2. The ClusterServiceClass has Plan Updatable: true by default.
3. Edit the ServiceInstance, update plan from dev to an invalid one, check ServiceInstance status and Broker log.
4. Restore the invalid plan to dev, check ServiceInstance status and Broker log.
5. Deprovision ServiceInstance.


Actual results:
3. Plan: dev -> dev-abc
[root@qe-chezhang-1030master-etcd-1 ~]# oc edit serviceinstance dh-rhscl-postgresql-apb-b7gbq
serviceinstance "dh-rhscl-postgresql-apb-b7gbq" edited

[root@qe-chezhang-1030master-etcd-1 ~]# oc describe serviceinstance dh-rhscl-postgresql-apb-b7gbq
Name:		dh-rhscl-postgresql-apb-b7gbq
Namespace:	qwang4
Labels:		<none>
Annotations:	<none>
API Version:	servicecatalog.k8s.io/v1beta1
Kind:		ServiceInstance
Metadata:
  Creation Timestamp:	2017-10-30T14:38:22Z
  Finalizers:
    kubernetes-incubator/service-catalog
  Generate Name:	dh-rhscl-postgresql-apb-
  Generation:		2
  Resource Version:	92565
  Self Link:		/apis/servicecatalog.k8s.io/v1beta1/namespaces/qwang4/serviceinstances/dh-rhscl-postgresql-apb-b7gbq
  UID:			fa91d52c-bd7f-11e7-bc55-0a580a800004
Spec:
  Cluster Service Class External Name:	dh-rhscl-postgresql-apb
  Cluster Service Class Ref:
    Name:				27793015fe45db2fbc1deb7372cc4036
  Cluster Service Plan External Name:	dev-abc
  External ID:				6333e58b-33fc-4e4c-9670-85208a0c58b4
  Parameters From:
    Secret Key Ref:
      Key:		parameters
      Name:		dh-rhscl-postgresql-apb-parameterszx24a
  Update Requests:	0
  User Info:
    Groups:
      system:cluster-admins
      system:authenticated
    UID:	
    Username:	system:admin
Status:
  Async Op In Progress:	false
  Conditions:
    Last Transition Time:	2017-10-30T14:40:39Z
    Message:			The instance references a ClusterServicePlan that does not exist.

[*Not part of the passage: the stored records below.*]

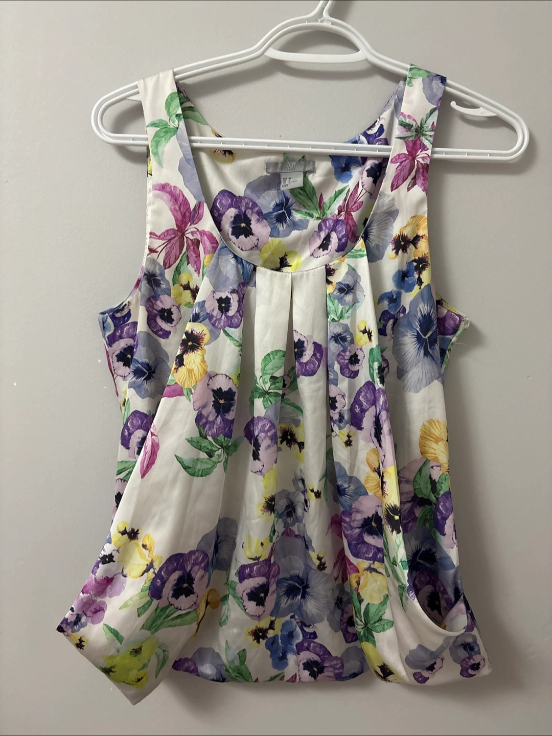 Beautiful floral sleeveless top. Size small. Pleated detail at the front. White background with colourful pansies. Lightweight material, perfect for spring or summer.
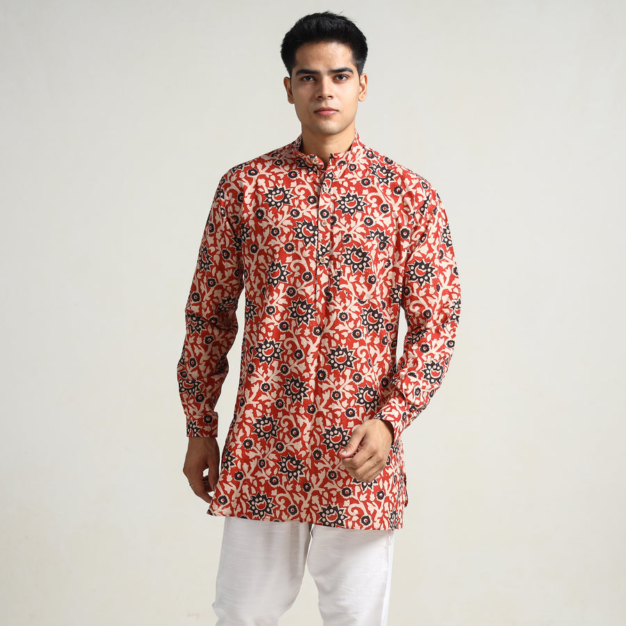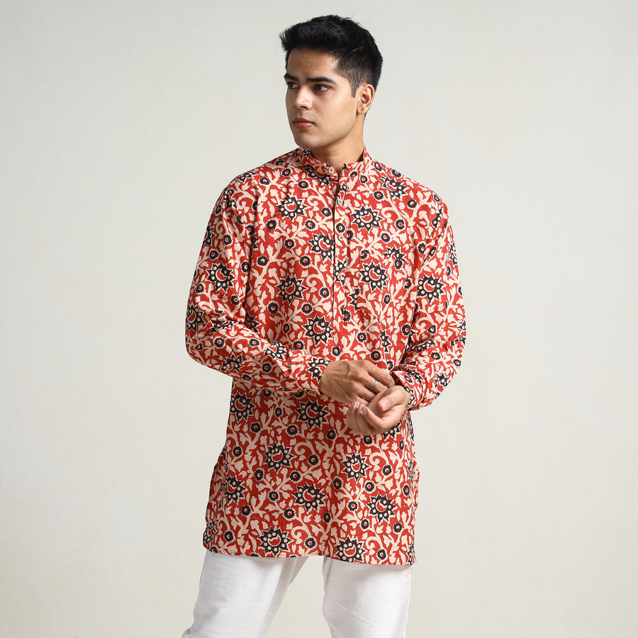 Bagru block printed cotton men's short kurta with one chest pocket, makes you comfortable with ease all day long. It's made from cotton fabric and features full sleeves, a front button placket. This casual kurta is perfect for your daily outing and for a special occasion. Made using natural dyes through traditional mud resist process by using hand carved wooden block practiced in Bagru, Rajasthan.
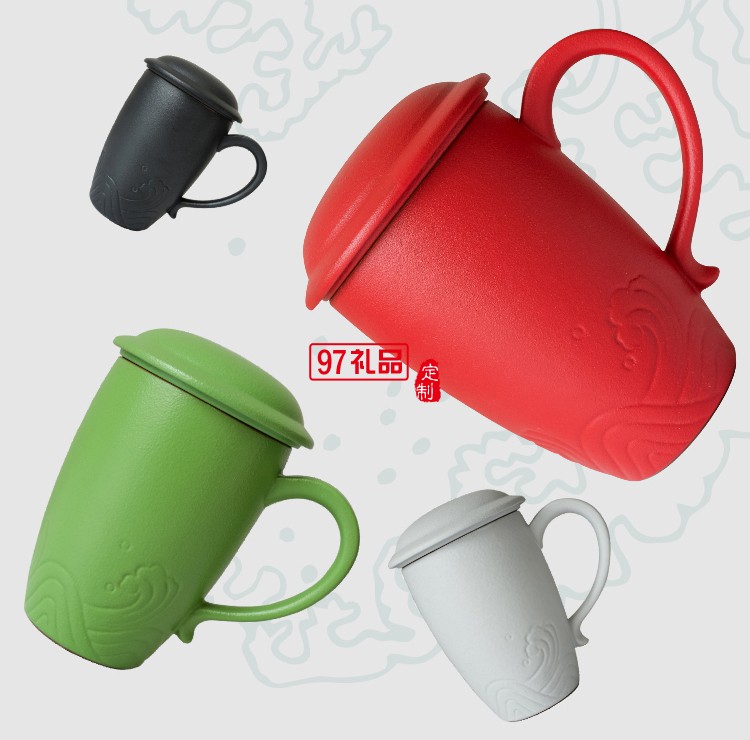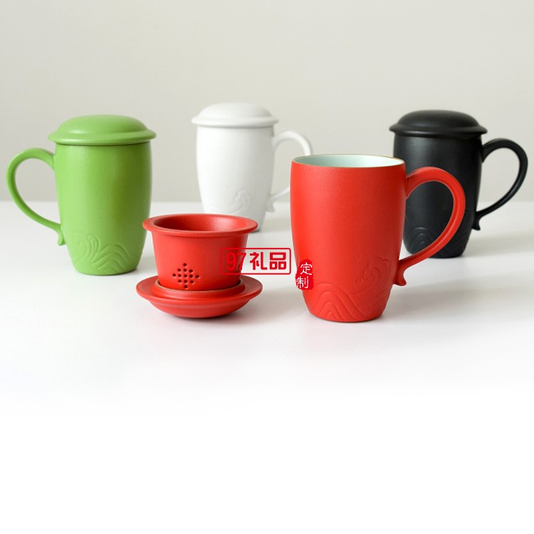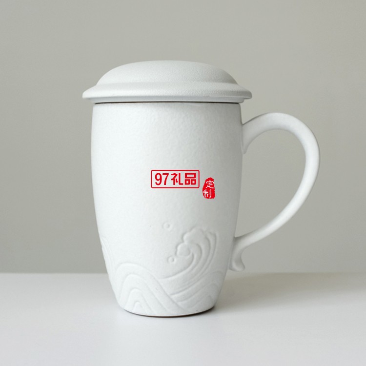小皿馬克杯陶瓷帶蓋帶過濾網(wǎng)定制logo實用禮品禮品杯子定制

References a non-existent ClusterServicePlan (K8S: "" ExternalName: "dev-abc") on ClusterServiceClass (K8S: "27793015fe45db2fbc1deb7372cc4036" ExternalName: "dh-rhscl-postgresql-apb") or there is more than one (found: 0)

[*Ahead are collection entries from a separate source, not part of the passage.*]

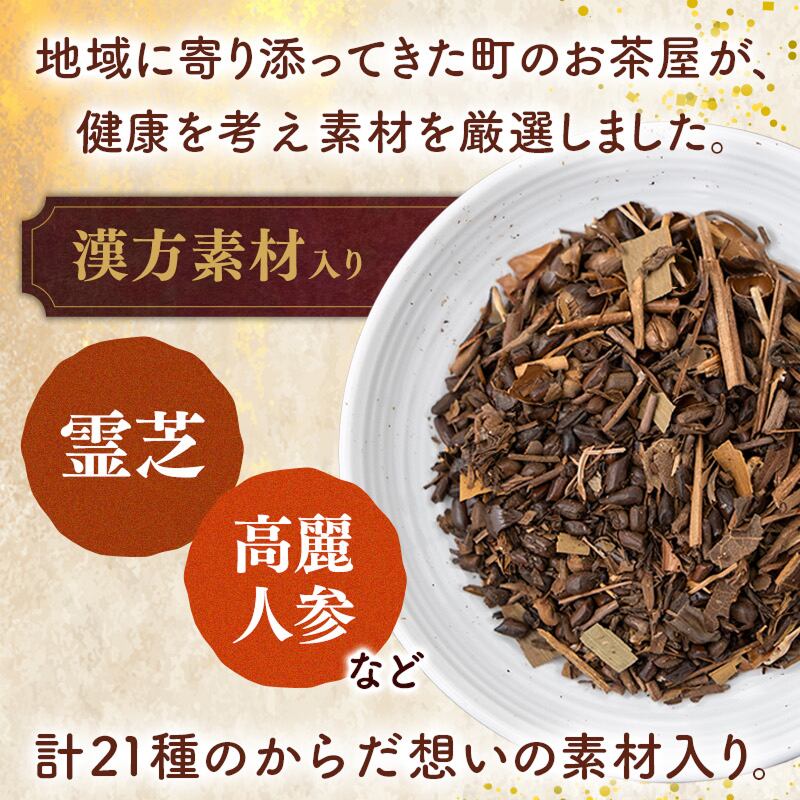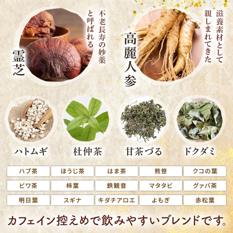 ■原材料名■ ハブ茶、高麗人参、ハトムギ、ほうじ茶、はま茶、ドクダミ、熊笹、甘茶づる、クコの葉、ビワ茶、柿葉、鉄観音、霊芝、マタタビ、グァバ茶、明日葉、スギナ、キダチアロエ、よもぎ、杜仲茶、赤松葉
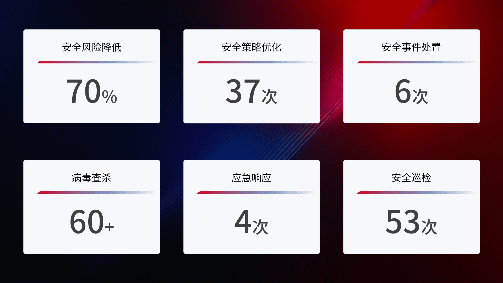 提供全面的安全事件报告体系,,,包括处置报告、、周报、、、季度和年度总结,,,,结合持续监控,,帮助客户深入了解网络安全状况。。。。
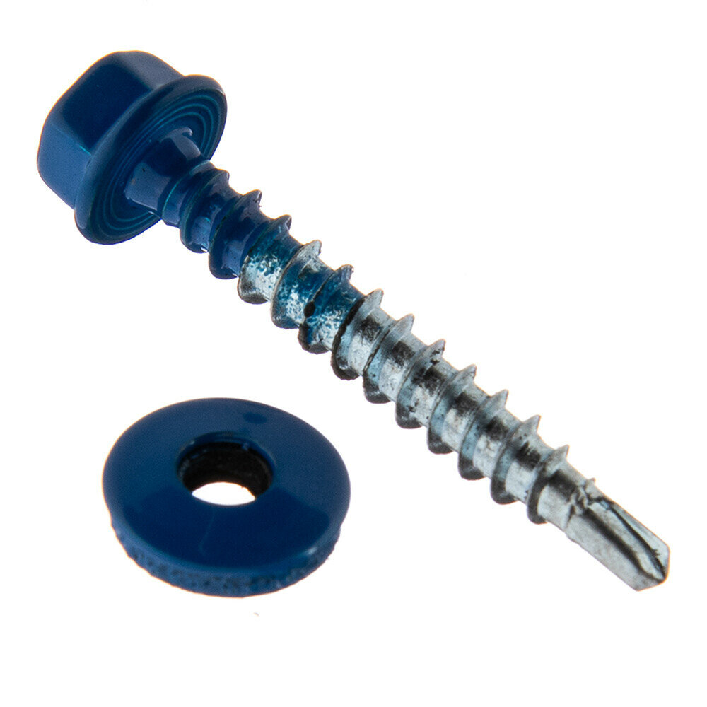 10 цен на Саморезы кровельные с буром 35х4,8 мм металл-дерево синие RAL 5005 Daxmer (250 шт.)
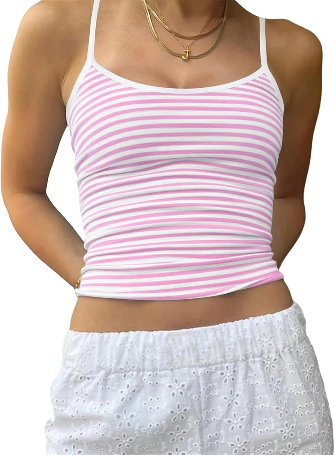 Women Striped Tank Top Y2k Summer Cropped Cami Slim Fit Aesthetic Going Out Tops Vest for Teens
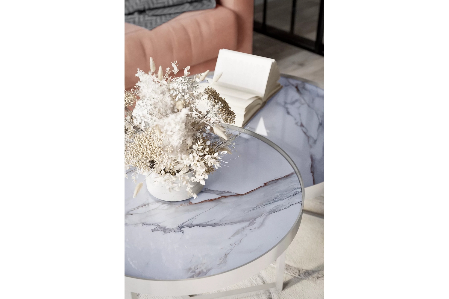 Журнальный столик «Орин» — лаконичная модель в современном стиле с элементами ар-деко и неоклассики, которая благодаря своему универсальному дизайну прекрасно впишется в любой домашний или офисный интерьер и украсит собой диванную зону. Круглая столешница выполнена в стекле с УФ-печатью, которое эффектно преломляет как искусственное, так и естественное освещение, а красота мраморного рисунка мгновенно приковывает взгляд и завораживает, создавая яркий акцент.
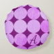 Cojín Redondo Monograma violeta, púrpura y círculos rosados
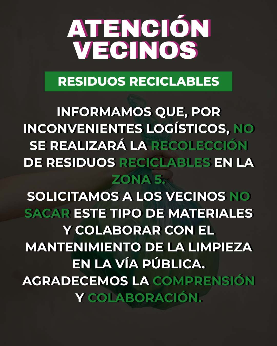 La Municipalidad de Nueve de Julio comunica a los vecinos y vecinas que, debido a inconvenientes logísticos, no se realizará la recolección de residuos reciclables en la Zona 5.

    Reason:			ReferencesNonexistentServicePlan
    Status:			False
    Type:			Ready
  External Properties:
    Cluster Service Plan External Name:	dev
    Parameter Checksum:			f511137c0021f5169de49e662f0ec2830219a26e50968a57f2faa280408dfaa7
    Parameters:
      Postgresql _ Database:	<redacted>
      Postgresql _ User:	<redacted>
      Postgresql _ Version:	<redacted>
    User Info:
      Extra:
        Scopes . Authorization . Openshift . Io:
          user:full
      Groups:
        system:authenticated:oauth
        system:authenticated
      UID:				
      Username:				qwang
  Orphan Mitigation In Progress:	false
  Reconciled Generation:		1
Events:
  FirstSeen	LastSeen	Count	From					SubObjectPath	Type		Reason					Message
  ---------	--------	-----	----					-------------	--------	------					-------
  2m		2m		1	service-catalog-controller-manager			Warning		ErrorWithParameters			Failed to prepare ServiceInstance parameters nil: secrets "dh-rhscl-postgresql-apb-parameterszx24a" not found
  2m		2m		1	service-catalog-controller-manager			Normal		Provisioning				The instance is being provisioned asynchronously
  2m		2m		1	service-catalog-controller-manager			Normal		ProvisionedSuccessfully			The instance was provisioned successfully
  37s		18s		13	service-catalog-controller-manager			Warning		ReferencesNonexistentServicePlan	References a non-existent ClusterServicePlan (K8S: "" ExternalName: "dev-abc") on ClusterServiceClass (K8S: "27793015fe45db2fbc1deb7372cc4036" ExternalName: "dh-rhscl-postgresql-apb") or there is more than one (found: 0)


4. Plan: dev-abc -> dev
Forbidden to update, but the spec still be updated.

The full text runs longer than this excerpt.